As others have noted, cases 1 and 2 can be improved by allocating a large amount of heap and pergene and setting -Xms and -Xmx to the same value (along with primary equivalents) to avoid changing the dynamic heap.

Case 3 can be avoided by using the -XX:+DisableExplicitGC .

Case 4 requires a more complex setup, for example -XX:NewRatio=N (see Oracle Customization Guide ).

+3
source share

It depends on your configurations, since HotSpot is configured differently in different Java environments. For example, on a server with more than 2 GB and two processors, some JVMs will be configured in the "-server" mode instead of the "-client default" mode, which adjusts the sizes of memory spaces (generations) in different ways, and the effect on when it happens garbage collection.

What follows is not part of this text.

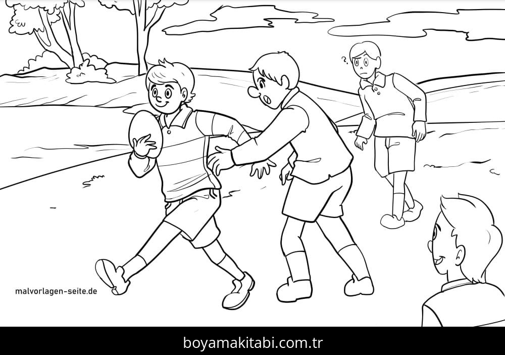 Ragbi temalı bu boyama sayfası çocuklar için sanatsal çalışma ve çocuklar için bir etkinlik sunar. Ücretsiz olarak indirip yazdırabilir, evde keyifli bir boyama zamanı oluşturabilirsiniz.

A full GC can happen automatically, but also if you call the garbage collector in your code (for example: using System.gc() ). Automatically, it depends on how small collections behave.

At least two algorithms are used. If you use the default values, the copy algorithm is used for small collections, and the markup algorithm is used for main collections.

The copy algorithm consists in copying the used memory from one block to another, and then clearing the space containing the blocks, without reference to them. The JVM copy algorithm uses a large area for objects created for the first time (called Eden ) and two smaller ones (called survivors ). Surviving objects are copied once from Eden and several times from survivor spaces during each junior collection until they are hired and copied to another space (called tenured space), where they can only be deleted in the main collection.

Most objects in Eden die quickly, so the first collection copies the remaining objects to the remaining spaces (which are much smaller by default). There are two survivors s1 and s2 . Each time Eden filled, the preserved objects from Eden and s1 copied to s2 , Eden and s1 are cleared. Next time, survivors from Eden and s2 will be copied to s1 . They continue to be copied from s1 to s2 to s1 until a certain number of copies are reached, or because the block is too large and not suitable, or some other criteria. Then the saved block of memory is copied to the generation of tenured .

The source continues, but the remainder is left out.